Guest Country

Ghana
Our partnership with Ghana in the 9th annual book fair represents our continued and shared commitment to fostering tolerance through cooperation across the continent and across the world. We respond, culturally if not politically, to the calls for African unity uttered in Ghana’s revolutionary throes and persisting through its cultural production. Consistent with our belief that political, social, and economic development go hand-in-hand with cultural development, we see our collaboration with Ghanaian writers, poets, musicians, journalists, activists, and scholars as a catalyst for local, regional, and global progress. This exchange, spanning the latitude of the continent, will allow us to learn from Ghana’s example while also strengthening the ties of our collective aspirations for open and tolerant societies.

Guests from Ghana of the HIBF2016
Atukwei Okai is a poet, academic, and cultural activist, and Secretary-General of the Pan-African Writers’ Association. Born in Accra, he received an MA from the Gorky Literary Institute in Moscow and an MPhil from University College London, and has taught at the University of Ghana and the University of Education, Winneba. In 1991 he became the first writer to receive the Flagstar from the Entertainment Critics and Reviewers Association of Ghana. In addition to his international radio and television performances, his poetry has been published and translated into six languages and merited inclusion in a variety of international anthologies.

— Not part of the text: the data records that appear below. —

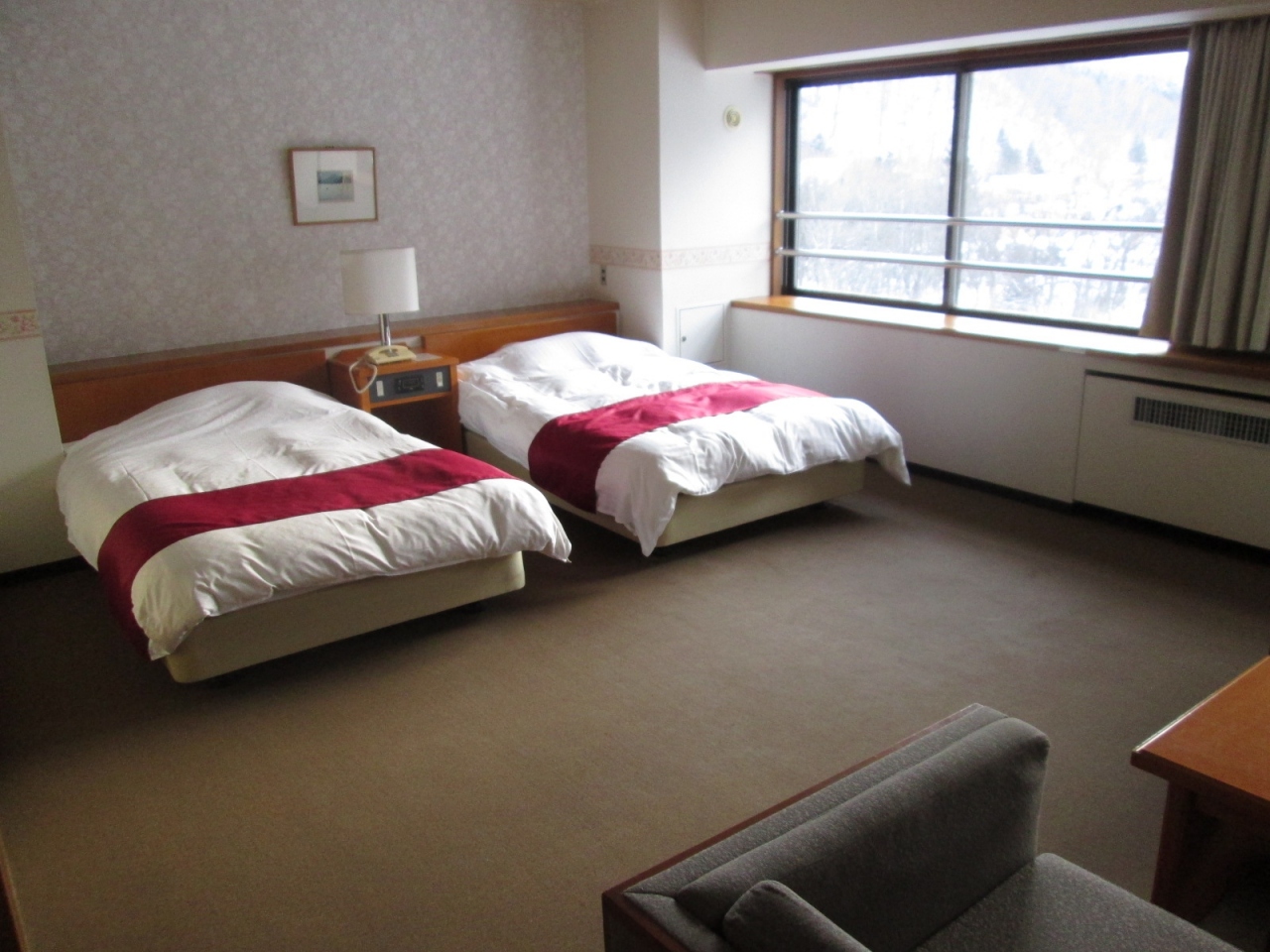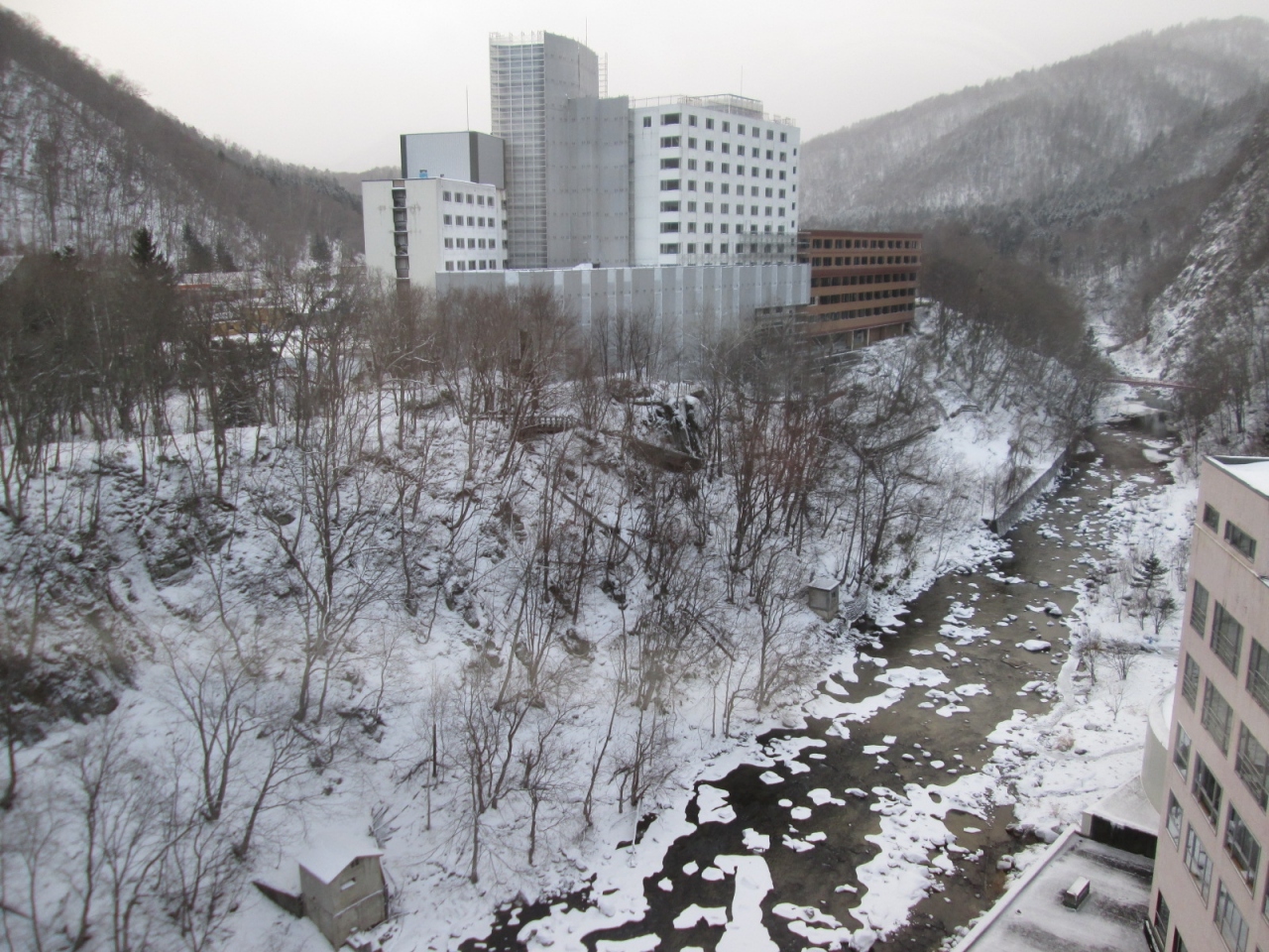定山渓温泉の豊平川沿いにある老舗ホテルで、建物は古く経年を隠せませんが、清掃はきちんとしていました。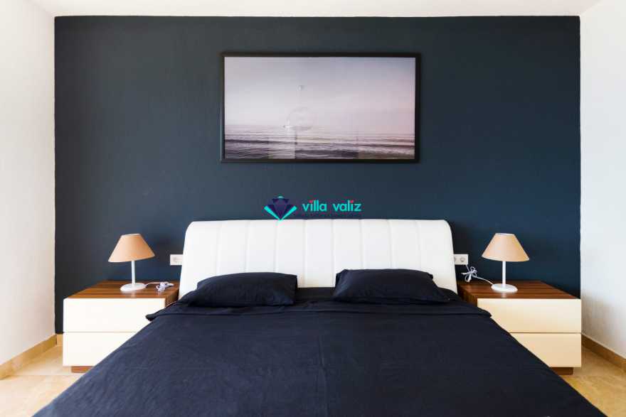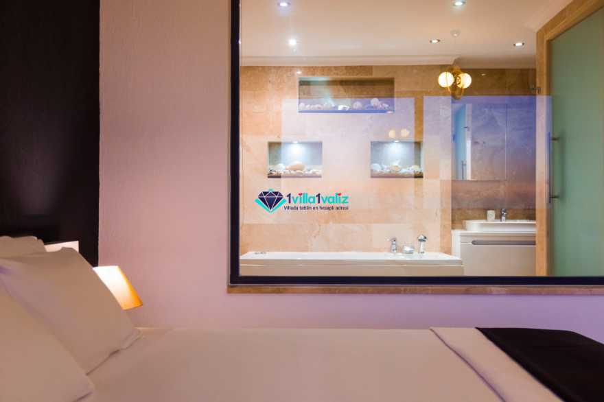 1. Yatak Odası: Yatak odasında 1 adet çift kişilik yatak, makyaj masası, elbise dolabı, jakuzi, banyo, tuvalet balkon bulunmaktadır. Deniz manzaralı balkonda oturma grubu yer almaktadır.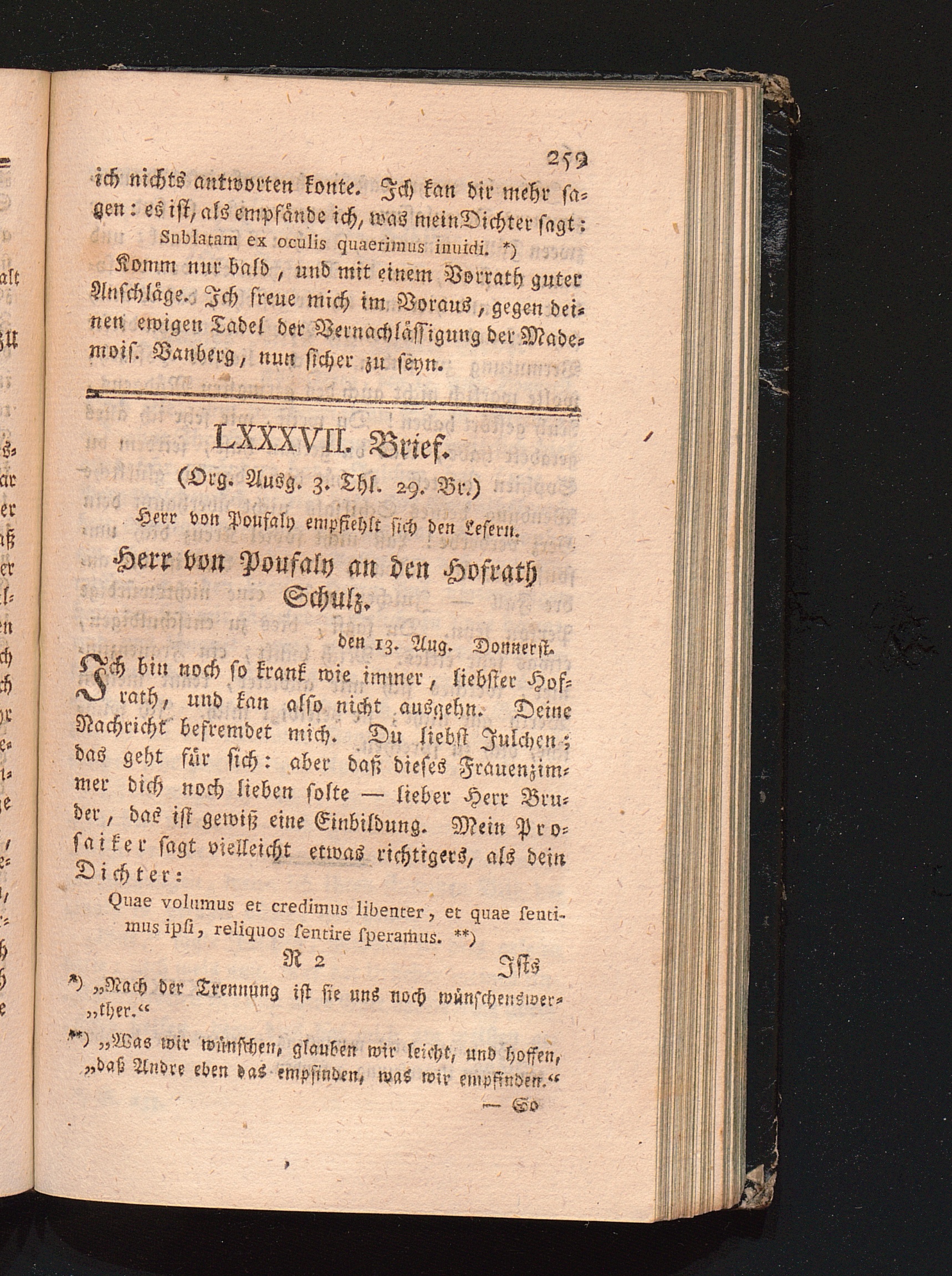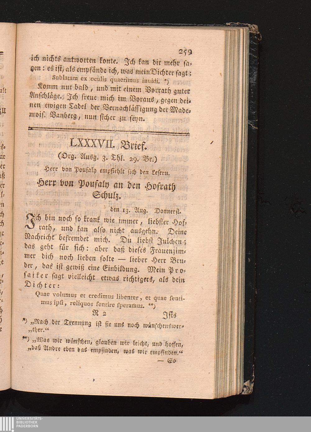 LXXXVII. Brief. Herr von Pouvaly empfiehlt sich den Lesern.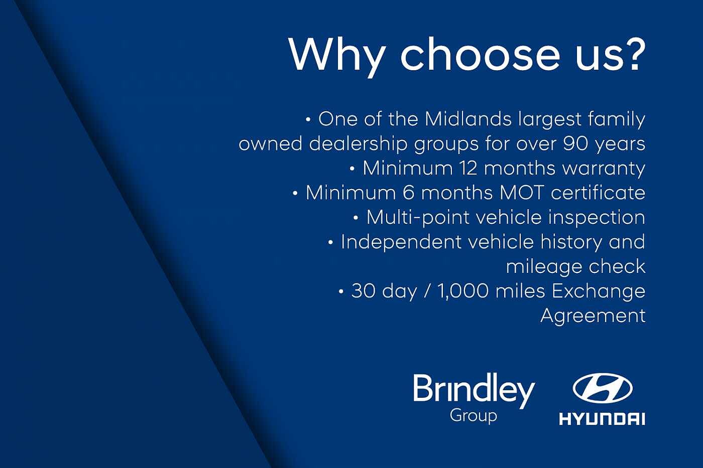 Our standard Approved Used cars also come with a warranty – Balance of manufacturer warranty for cars less than 5 years old, or retailer supplied warranty options for cars more than 5 years old. This is applicable to Hyundai cars with less than 80,000 miles and no older than 8 years old (petrol/diesel), or 7 years old if electric, plug-in hybrid or hybrid.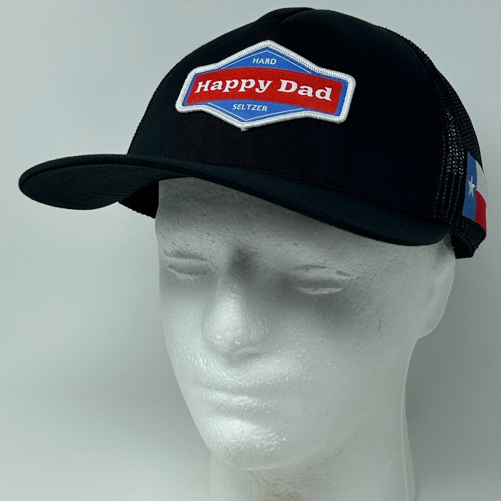 Happy Dad Hard Seltzer Texas Flag Trucker Hat Baseball Cap Nelk Boys Mesh Snapback 5 Panel A-Frame Black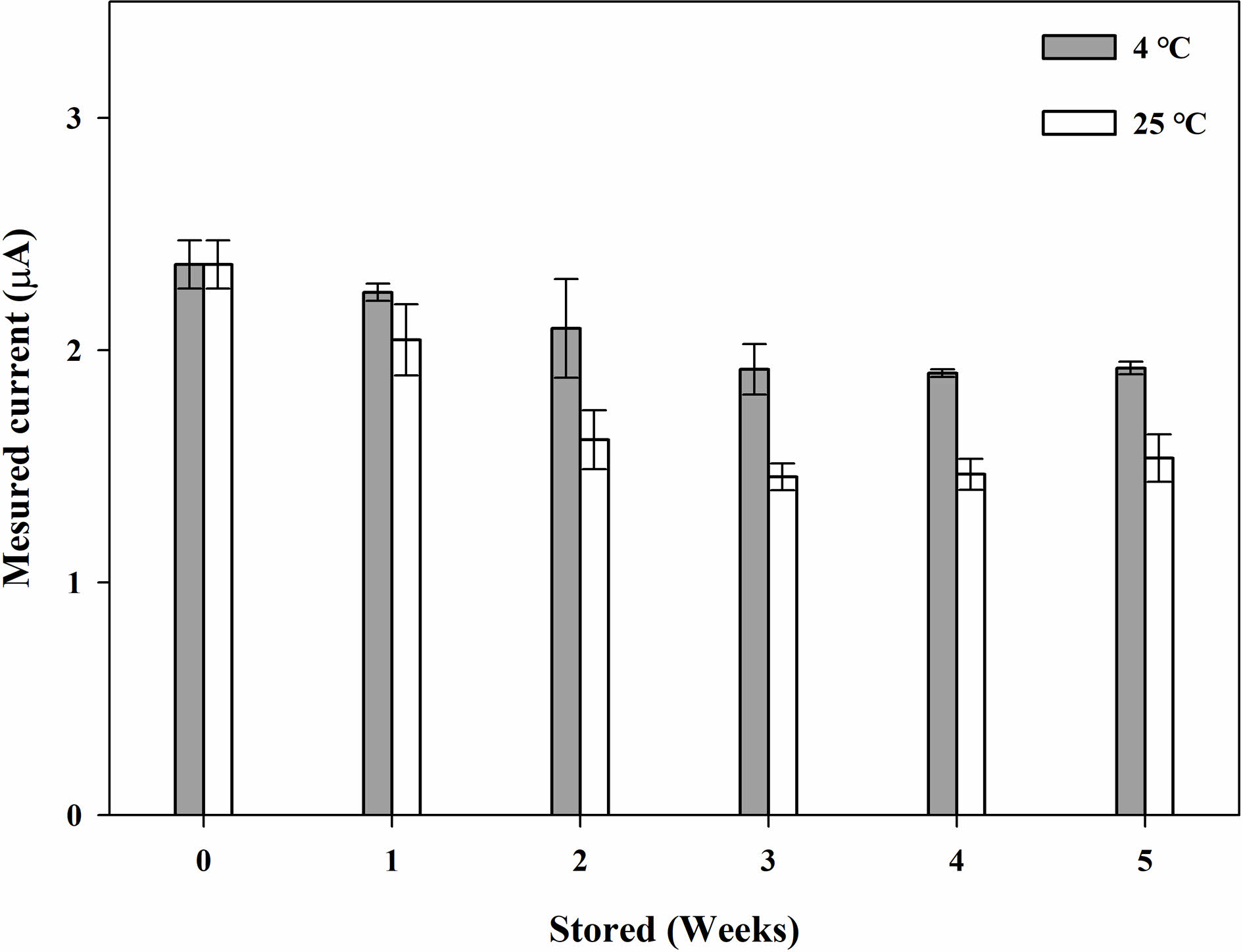 바이오센서는 GOx 종이 디스크의 상태가 가장 중요하게 작용한다. 따라서, 저장 안정성을 조사하기 위해 GOx 디스크를 4 °C와 상온에 보관하며 일정 기간마다 감소 전류를 측정하였다. 저장 시간에 따른 종이 기반 글루코스 바이오센서의 감소 전류의 신호는 Figure 7과 같다. GOx 종이디스크의 글루코스 용액(Cg=1 mM)에 대한 감소전류는 4 °C에 보관하여 35일 동안 시험한 후에도 초기 전류 값의 80%를 유지했다. 상온에서 보관된 경우 14일 경과 후 급격히 감소하여 35일 동안 초기 전류 값의 60%까지 감소했다. 따라서 본 연구에서 제조한 GOx 종이 디스크 바이오센서는 매우 안정하여 장기간 사용할 수 있었다.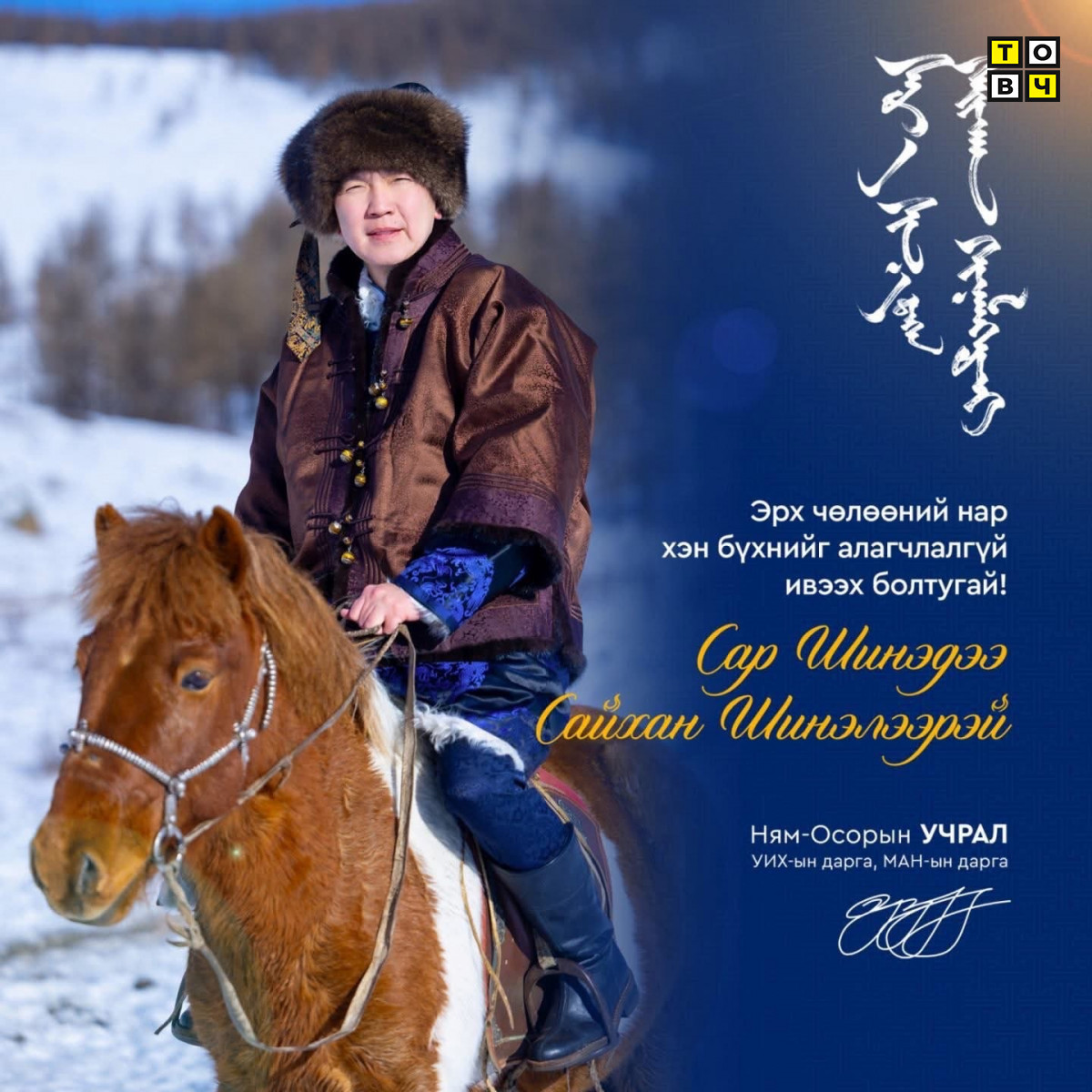 Их түүхийн эзэн, эрх чөлөөт, омог бардам монгол хүн Танд ирж буй “Сүрээр дарагч” хэмээх гал улаан морин жилдээ морьтой хийморьтой, заяа буянтай, эрүүл энх, эвтэй эетэй, үйлс бүхэн нь тэгш, юу санасан есөн хүсэл нь сэтгэлчлэн бүтэхийн ерөөлийг өргөе!

Professor Kwame Karikari is the former Executive Director of the MFWA. He has been for several years, a professor in journalism and mass communication at the School of Communication Studies at the University of Ghana. He has also been involved in training journalists in several countries in Africa over the years. Prior to that and during all those years, he practiced as a journalist, including serving as director general of the public Ghana Broadcasting Corporation in the early 1980s. He has also been an activist pursuing social justice and human rights causes, in Africa, including democratic reforms in Ghana. He serves on the boards of a number of African and international rights organisations and on the editorial boards of academic publications. He was educated at the City College of New York and Columbia University in New York.

Joe Addo is an architect from Accra, trained at the Architectural Association in London, who has worked in Finland, the UK, and the US. He opened his own practice in 1991 in Los Angeles, where he also cofounded the A + D Museum, before returning to Ghana in 2004. He is currently the CEO of Constructs R + D and Chairman of the ArchiAfrika Foundation, which works to integrate socio-cultural design into the discourse on African architecture and development. Joe participated in the HIBF 2015, facilitating a discussion among Somaliland architects about the physical spaces of African cities and the current transformation of Somaliland’s cities.